Since income is considered to be marital property in most states, both parties usually have claims to monies and other assets earned during their marriage. In terms of property distribution, income is separated after the date of separation. If a spouse did not get paid until after the date of separation, it could be considered marital property. Income sources, like deferred payments and stock options, will be valued based on circumstances and state of residency. Other properties obtained prior to the date of separation are classified as joint or community property.
Child Support, Alimony, and Adultery
The date of separation also influences when a parent claims their responsibility for child support and alimony. Depending on the state, a spouse may have to provide child support and alimony on the day they leave the marital home. Most states specify that being faithful to a spouse stops on the date of separation. If the court discovers adultery, it may affect divorce proceedings and rulings.
Distribution of Property in New Jersey
Distribution of property in a divorce varies by each state.
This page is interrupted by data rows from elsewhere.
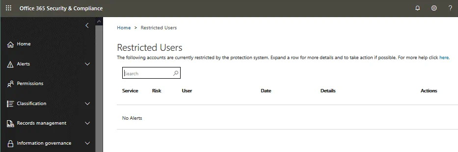 You can see a list of restricted users, actions, services and other action details on this configuration page of Exchange Online Protection.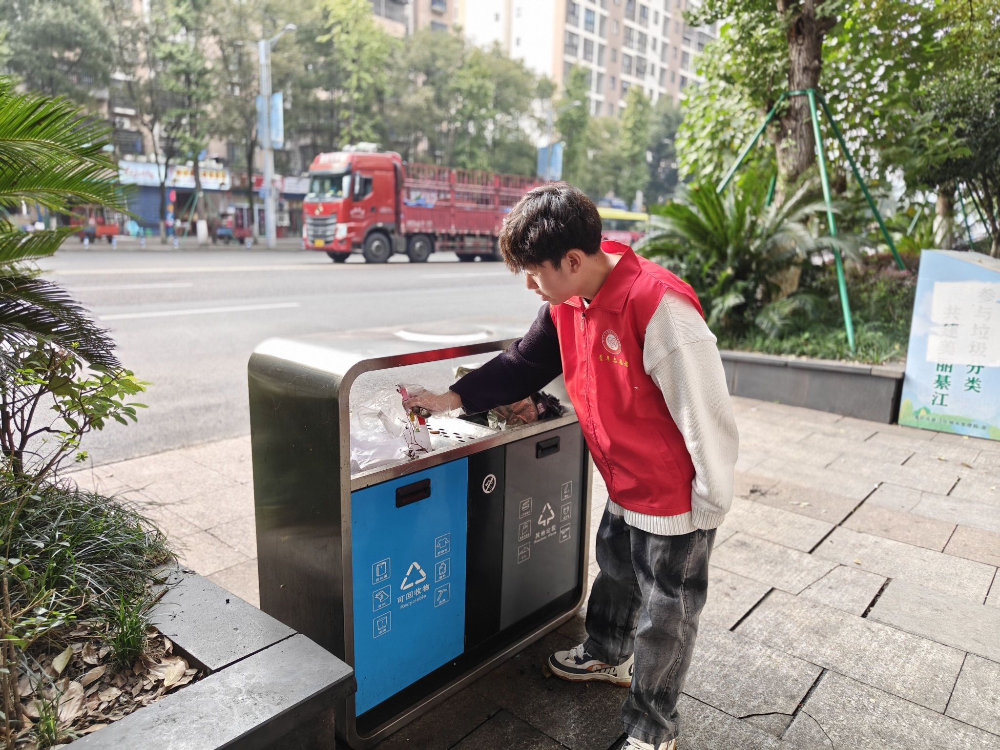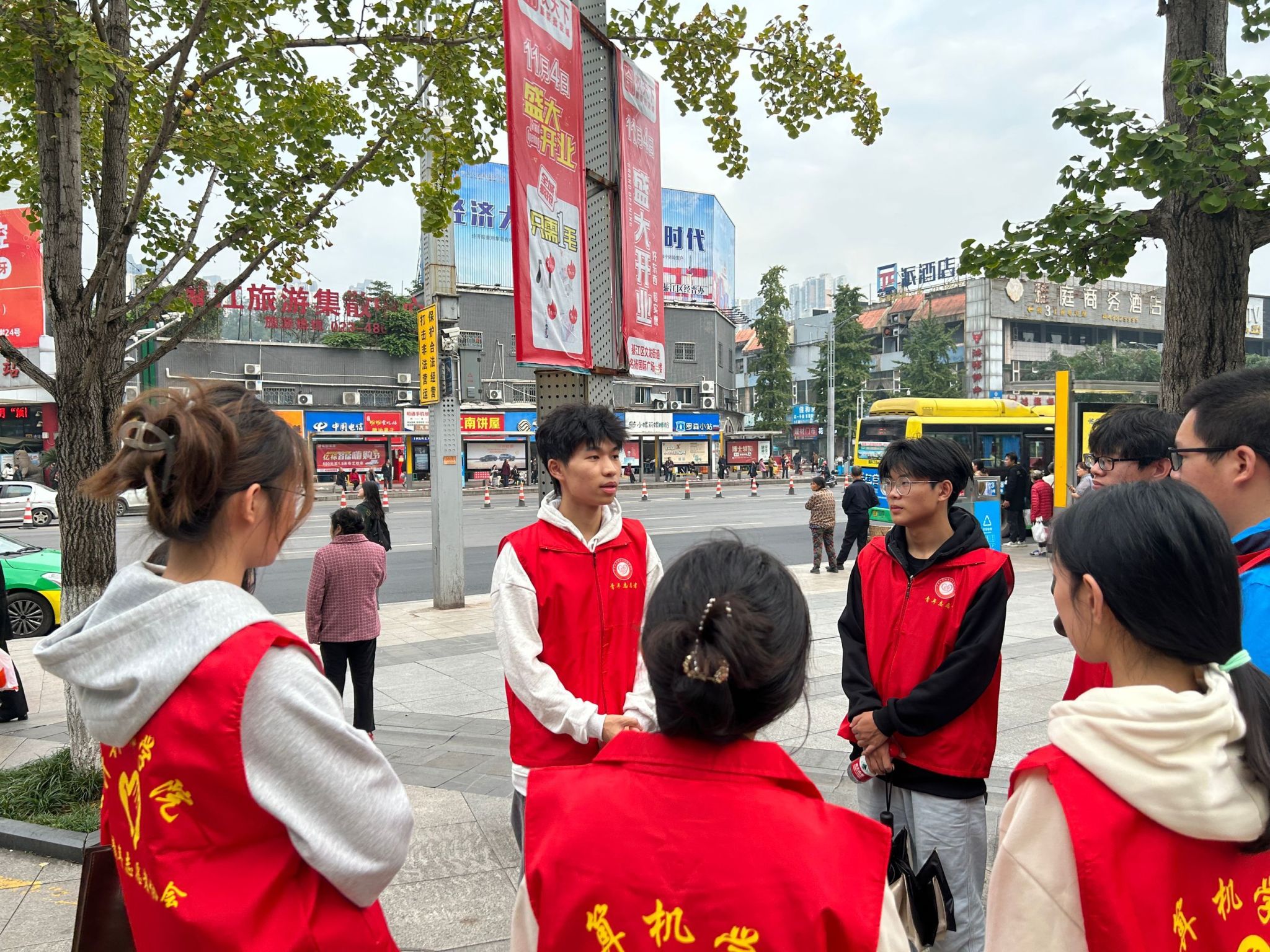为培养大学生的环保意识,倡导文明风尚,在优化社区环境的同时,提升居民的文明素养,重庆移通学院计算机学院的志愿者以及王伟孪、郝月霜两位老师的异科班学生,于11月10日下午14:00到17:00在綦江城区四个街道开展了“文明城区志愿服务活动——洁净家园行动”,在城区主次干道进行市容秩序日常巡查、垃圾清理、不文明行为劝导等志愿服务。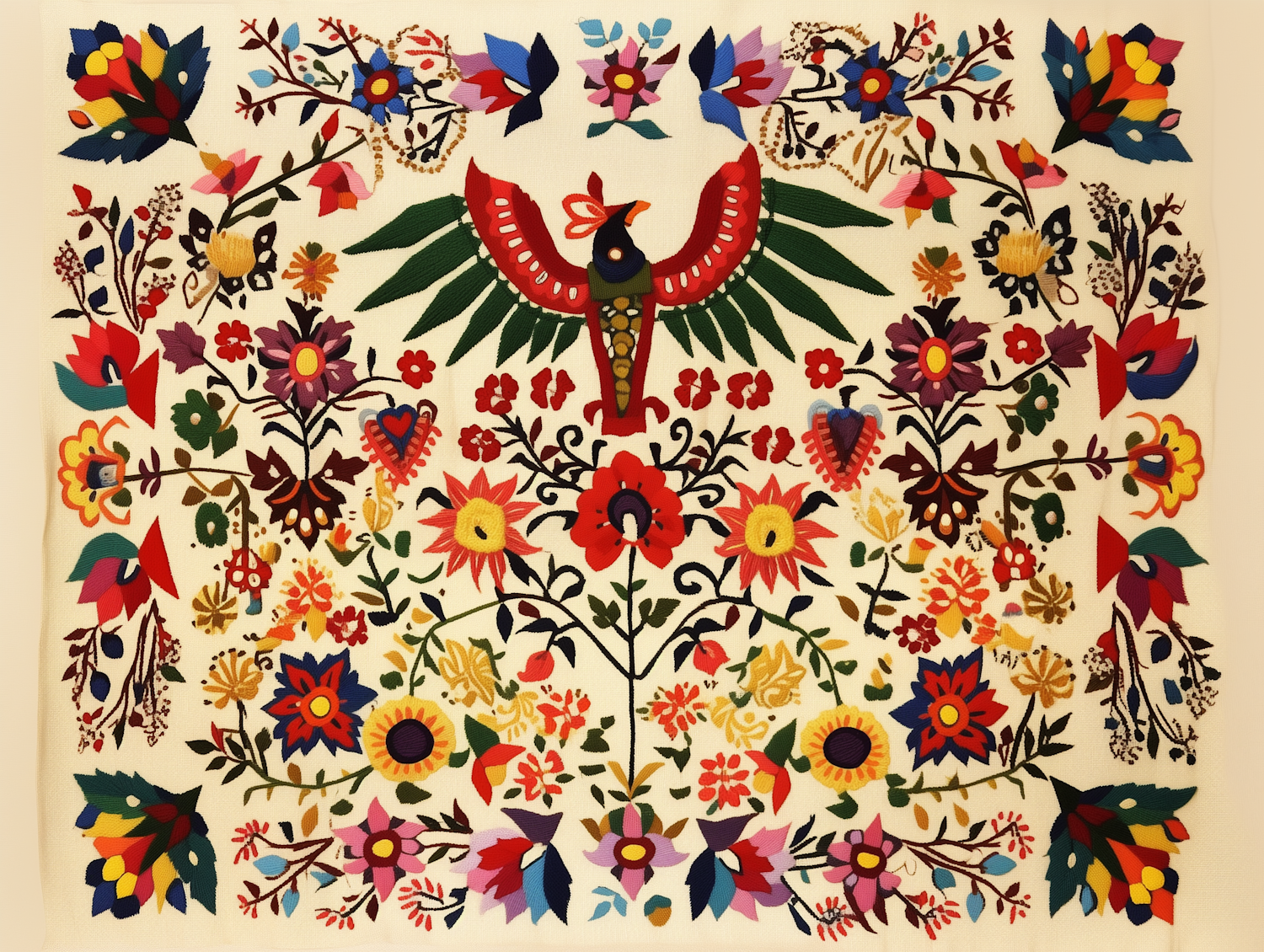 Colorful folk art embroidery with a central red bird, vibrant flowers, and intricate patterns on a cream background.

It is important to realize that New Jersey is an equitable distribution state. Rather than splitting property equally, the courts divide properties by evaluating the circumstances. A ruling is based on what the judge determines as fair; the equal split of properties is not always the case. This should be considered while filing for a divorce.
Date of Separation in New Jersey
In the State of New Jersey, the date of separation is the cutoff period for establishing new assets as marital property. The date of filing the complaint is also important in New Jersey divorce cases; it signifies the cutoff for equitable distribution of active assets. This applies to assets that might increase in value after the date of complaint. As a result, each party cannot get equitable distribution after the date of complaint. These assets might include bonuses or contributing retirement accounts. Passive assets, like interest in savings accounts, are not affected.